Planning grants totaling some $8.5 million have been made to all of the States and four other jurisdictions. To date, 11 plans have been received from the States-from South Carolina, Oregon, Montana, New Jersey, Washington, Arkansas, Iowa, Minnesota, Delaware, Vermont, and North Carolina. However, 48 States have submitted a formal letter of intent to develop and submit plans. We anticipate that about 30 State plans will have been submitted, reviewed, and approved or rejected by June 30, 1973. Already we have 11 States who have submitted such plans, including your State of New Jersey, Mr. Chairman, through the review and approval process.

Mr. DANIELS. At that point, Mr. Secretary, can your statement reflect the names of the other States?

Mr. GUENTHER. Yes. South Carolina, Oregon, Montana, New Jersey, Washington, Arkansas, Iowa, Minnesota, Delaware, Vermont, and North Carolina.

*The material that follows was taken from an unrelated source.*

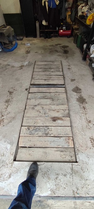Є оглядова яма з полицею та підвал на пів гаража зі стілажами .
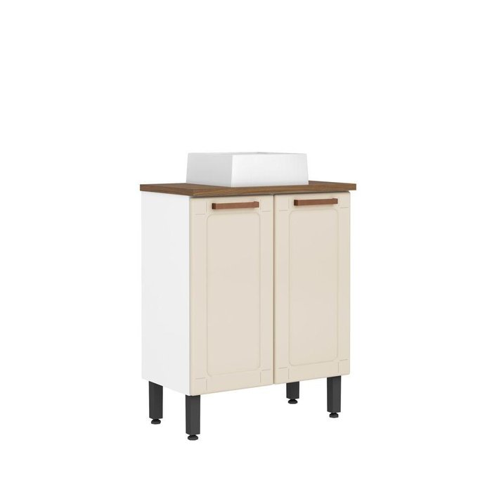 Balcão de Aço e Cuba C Pés Banheiro 2 Portas Areia Bertolini Areia/Branco

Mr. DANIELS. Have any plans received approval up to this date? Mr. GUENTHER. No, sir.

SOME MAJOR PROBLEMS

In summary fashion, this indicates what we have done, and why. Two interrelated problems stand out from this review-the need for development of standards materials in a useful format for all employers and employees, and the need for provision of more assistance to employers to aid them to come into compliance voluntarily. We are working on both of these problems. It will take time, more than anything else, to really solve them. With regard to a more usable format for the standards, we must break down the existing volume of standards in such a way as to make it easier for an employer in a given industry to find out those which particularly apply to him. While trade associations have been of great assistance in providing this kind of standards analysis, we are also actively at work in categorizing the existing standards into broad industry groupings. In addition, we will be moving as rapidly as possible to issue interpretive

bulletins on specific aspects of the standards, and we intend to publish as many informational pamphlets as are needed by the public. One complaint we have had is that the standards themselves just are not available. To the extent that this is true, we recognize it to be an intolerable situation, and we are doing everything possible to insure adequate supplies of the standards published in the Federal Register. A subscription service through the Government Printing Office is being implemented, and copies of all standards and changes will automatically be provided to subscribers. We have a handy reference guide to the act and its requirements, and we are now developing a new pamphlet which will explain in more specific terms the responsibilities and rights of both employers and employees. This will be a further aid to employers in determining exactly what they must do to be in compliance. We plan to make a general distribution of this new guide to employers in the next several months.

Voluntary compliance is essential to the achievement of the act's goals. When the initial standards were issued, a 90-day familiarization period was provided, which gave us an opportunity to provide direct consultation to many establishments. We found this very useful, and so did employers. We continue to provide consultative services to the maximum extent possible. However, whenever a Department official goes into an employer's premises for any purpose under the act, except for an inspection in connection with the issuance of a variance, he or she is required to note any violations, and, as provided by section 9 of the act, an appropriate citation and proposed penalty shall be issued. Since section 8 makes it clear that any entering upon the employer's premises is regarded as an inspection as provided for in section 9, we have been legally precluded from providing any consultation in the workplace. Therefore, as I indicated earlier, we would support an amendment to provide for workplace visits, upon request, for specific consultative purposes. Congressman Steiger has introduced such an amendment, which we would support, and we would hope that this committee would look favorably upon that amendment, and, indeed, that it would be

Mr. DANIELS. I am not sure I heard you correctly. Did you say there is no authority under the act for you to sit down and consult and give advice to an employer?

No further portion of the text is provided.